Доктор Брид стукнул своим веснушчатым старческим кулаком по письменному столу. Письменный стол у него был полуовальный, стальной, цвета морской волны:
— Один моряк мог бы нести на себе достаточное количество вещества, чтобы высвободить застрявший в болотах бронетанковый дивизион. По словам Феликса, все вещество, (потребное для этого, могло бы уместиться у одного моряка под ногтем мизинца.
— Но это невозможно.
— Это вы так думаете. И я бы так сказал, и любой другой тоже.
А для Феликса, с его полушутливым подходом ко всему, это казалось вполне возможным. Чудом в Феликсе было то, что он всегда — и я искренне надеюсь, что вы об этом упомянете в своей книге, — он всегда подходил к старым загадкам, как будто они совершенно новые.
— Сейчас я чувствую себя Франсиной Пефко, — сказал я, — или сразу всеми барышнями из девичьего бюро. Даже доктор Хониккер не сумел бы объяснить мне, каким образом что-то умещающееся под ногтем мизинца может превратить болото в твердое, как ваш стол, вещество.

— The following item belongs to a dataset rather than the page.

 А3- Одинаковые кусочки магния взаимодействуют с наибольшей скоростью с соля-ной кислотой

— Но я вам говорил, как прекрасно Феликс все умел объяснять.
— И все-таки…
— Он мне все сумел объяснить, — сказал доктор Брид. — И я уверен, что смогу объяснить и вам. В чем задача? В том, чтобы вытащить морскую пехоту из болот, так?
— Так.
— Отлично, — сказал доктор Брид, — слушайте же внимательно.
Начнем.
20. ЛЕД-ДЕВЯТЬ
— Различные жидкости, — начал доктор Брид, — кристаллизуются, то есть замораживаются, различными путями, то есть их атомы различным путем смыкаются и застывают в определенном порядке.
Старый доктор, жестикулируя веснушчатыми кулаками, попросил меня представить себе, как можно по-разному сложить пирамидку пушечных ядер на лужайке перед зданием суда, как по-разному укладывают в ящики апельсины.

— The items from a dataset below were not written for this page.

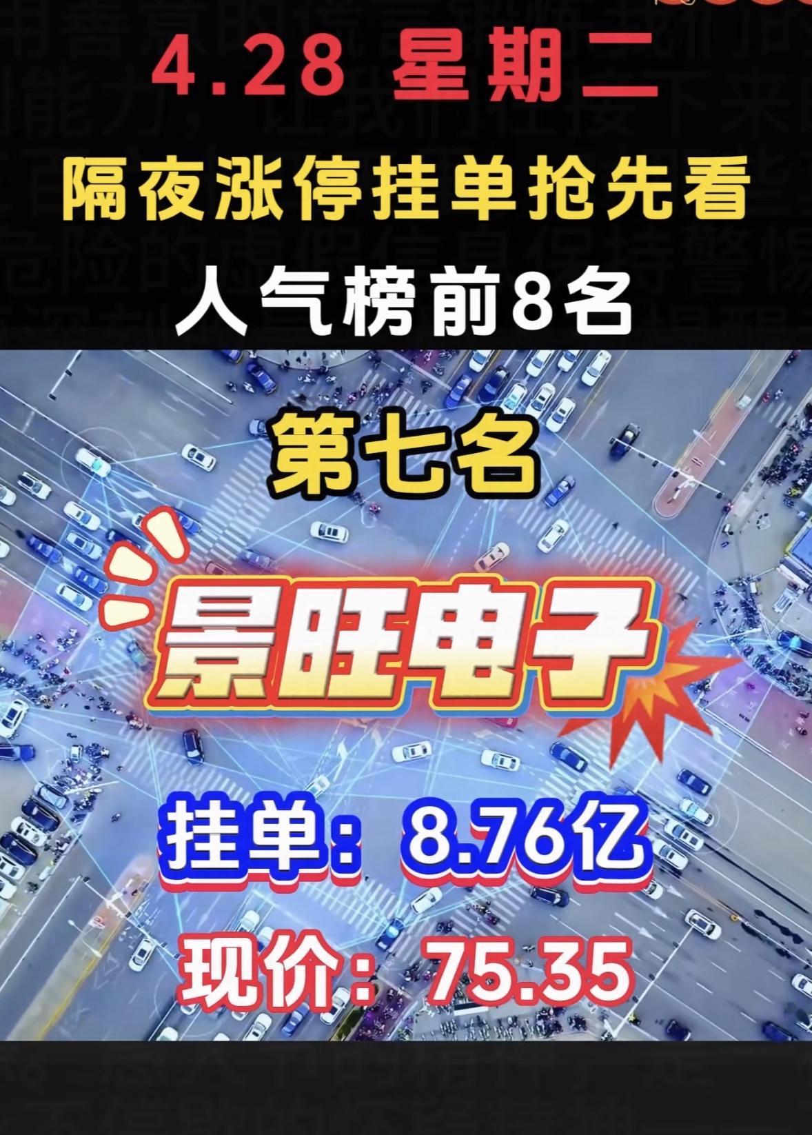 4月28日周二暗盘隔夜挂单排行榜揭晓 4月28日星期二暗盘隔夜挂单排行榜上,景旺电子强势上榜,这可太引人注目了!就拿2026年4月8日暗盘隔夜挂单来说,榜首科瑞技术挂单金额超27亿,前三名挂单总额占TOP 10总挂单量的50%,头部效应明显。榜单覆盖多领域,通信与技术类占前三。高价股如科瑞技术受资金认可,低价股如高乐股份等也因题材或反弹预期上榜。隔夜挂单能反映资金博弈意愿,上榜个股可能交易活跃。景旺电子此次上榜,说不定后续也会有不错表现,但投资有风险,还得谨慎决策。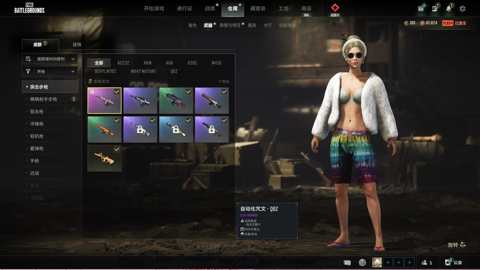 PUBG豪华版满级生存可排位,自动化咒文-QBZ;PGC.2022王牌登场-SLP;分形几何-0BZ;金色落叶-MK47MUTANT;大理石宝藏-ACE32;鎏金王朝-BERYLM762;金色续响-AUG;皇家舰队-MINI4;幸运骑士-SKS;璀璨星光-DBU;镀金-AWM;悠场情歌-KAR9RK;B周年纪念-平底锅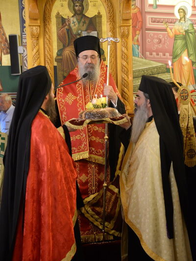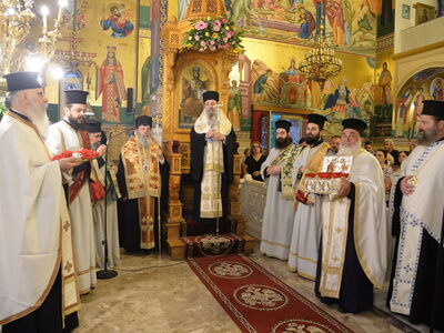 Στίς μεθεόρτες Ἀκολουθίες προέστη ὁ σεβασμιότατος Μητροπολίτης Πατρών κ.κ. Χρυσόστομος, μέ τήν συγχοροστασία τοῦ Θεοφιλεστάτου Ἐπισκόπου Κερνίτσης κ. Χρυσάνθου.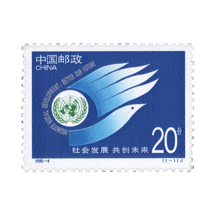 1995年3月6日,为了祝贺联合国社会发展世界首脑会议召开,邮电部发行了《社会发展、共创未来》纪念邮票,全套1枚。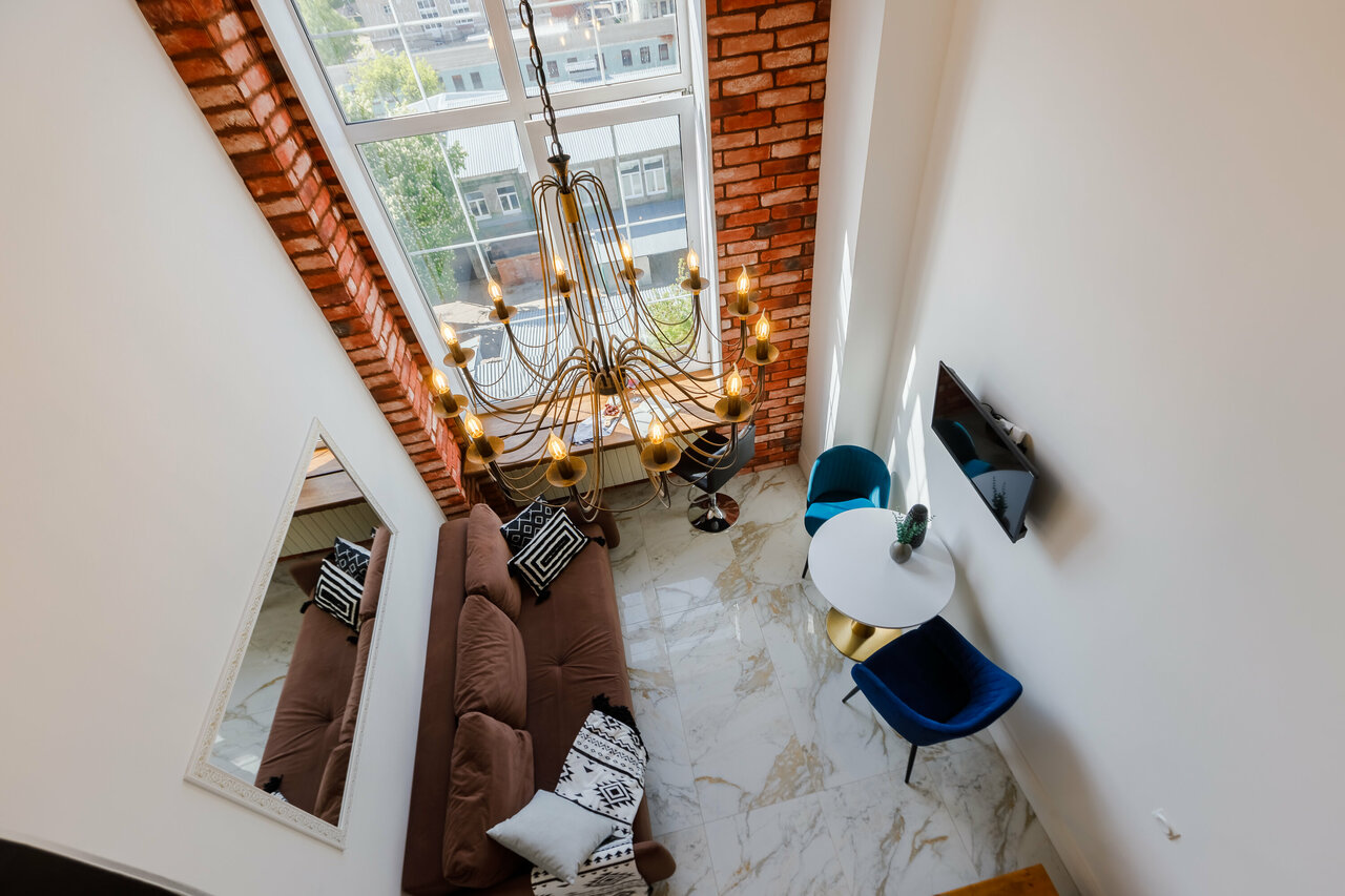 Двухуровневый апартамент Скай с дизайнерским ремонтом.Подходит для семейного отдыха, а так же для командировки. Прекрасный интерьер, сервис и чистота. Полностью оборудованы всем необходимым: техника, посуда, постельные принадлежности, полотенц...

— Вот так и с атомами в кристаллах, и два разных кристалла того же вещества могут обладать совершенно различными физическими свойствами.

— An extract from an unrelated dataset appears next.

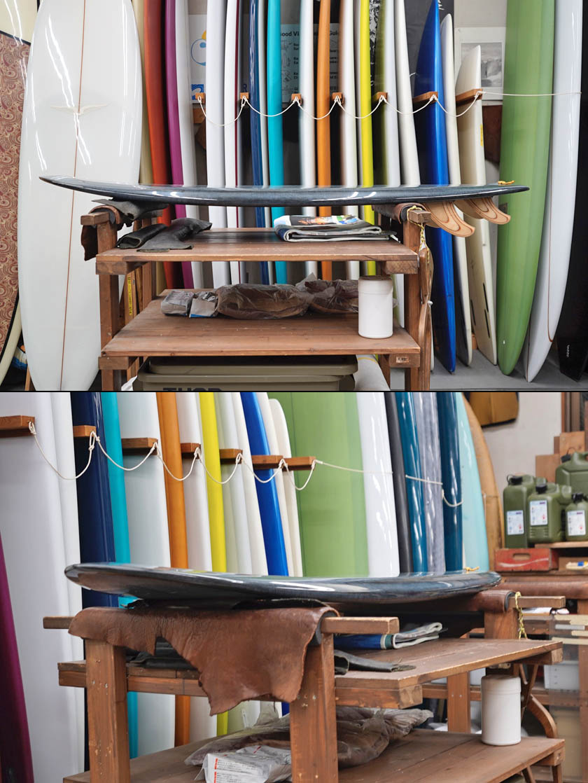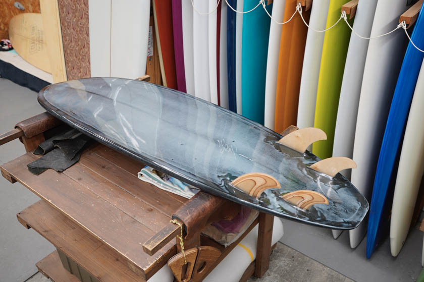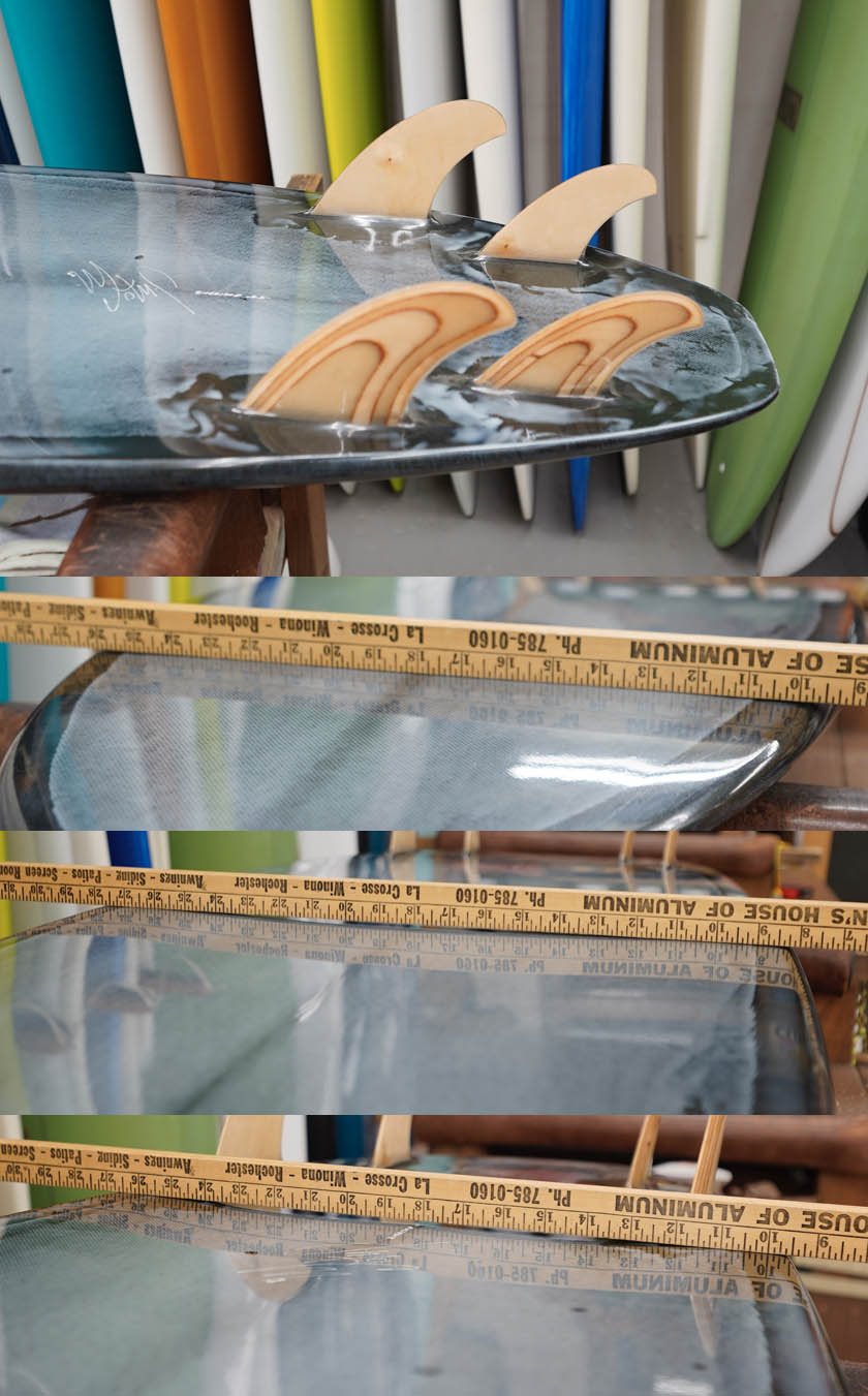 black wood stringer, glass leash loop, glass on wood quad fin.

Он рассказал мне, как на одном заводе вырабатывали крупные кристаллы оксалата этиленовой кислоты.
— Эти кристаллы, — сказал он, — применялись в каком-то техническом процессе. Но однажды на заводе обнаружили, что кристаллы, выработанные этим путем, потеряли свои прежние свойства, необходимые на производстве. Атомы складывались и сцеплялись, то есть замерзали, по-иному. Жидкость, которая кристаллизовалась, не изменялась, но сами кристаллы для использования в промышленности уже не годились.
Как это вышло, осталось тайной. Теоретически «злодеем» была частица, которую доктор Брид назвал зародыш. Он подразумевал крошечную частицу, определившую нежелательное смыкание атомов в кристалле. Этот зародыш, взявшийся неизвестно откуда, научил атомы новому способу соединения в спайки, то есть новому способу кристаллизации, замораживания.
— Теперь представьте себе опять пирамидку пушечных ядер или апельсины в ящике, — сказал доктор Брид. И он мне объяснил, как строение нижнего слоя пушечных ядер или апельсинов определяет сцепление и спайку всех последующих слоев. Этот нижний слой и есть зародыш того, как будет себя вести каждое следующее пушечное ядро, каждый следующий апельсин, и так до бесконечного количества ядер или апельсинов.
— Теперь представьте себе, — с явным удовольствием продолжал доктор Брид, — что существует множество способов кристаллизации, замораживания воды. Предположим, что тот лед, на котором катаются конькобежцы и который кладут в коктейли — мы можем назвать его «лед-один», — представляет собой только один из вариантов льда. Предположим, что вода на земном шаре всегда превращалась в лед-один, потому что ее не коснулся зародыш, который бы направил ее, научил превращаться в лед-два, лед-три, лед-четыре… И предположим, — тут его старческий кулак снова стукнул по столу, — что существует такая форма — назовем ее лед-девять-кристалл, твердый, как этот стол, с точкой плавления или таяния, скажем, сто градусов по Фаренгейту, нет, лучше сто тридцать градусов.
— Ну, хорошо, это я еще понимаю, — сказал я.
И тут доктора Брида прервал шепот из приемной, громкий, внушительный шепот. В приемной собралось девичье бюро.
Девушки собирались петь.
И они запели, как только мы с доктором Бридом показались в дверях кабинета. Все девушки нарядились церковными хористками: они сделали себе воротники из белой бумаги, приколов их скрепками. Пели они прекрасно.
Я чувствовал растерянность и сентиментальную грусть. Меня всегда трогает это редкостное сокровище — нежность и теплота девичьих голосов.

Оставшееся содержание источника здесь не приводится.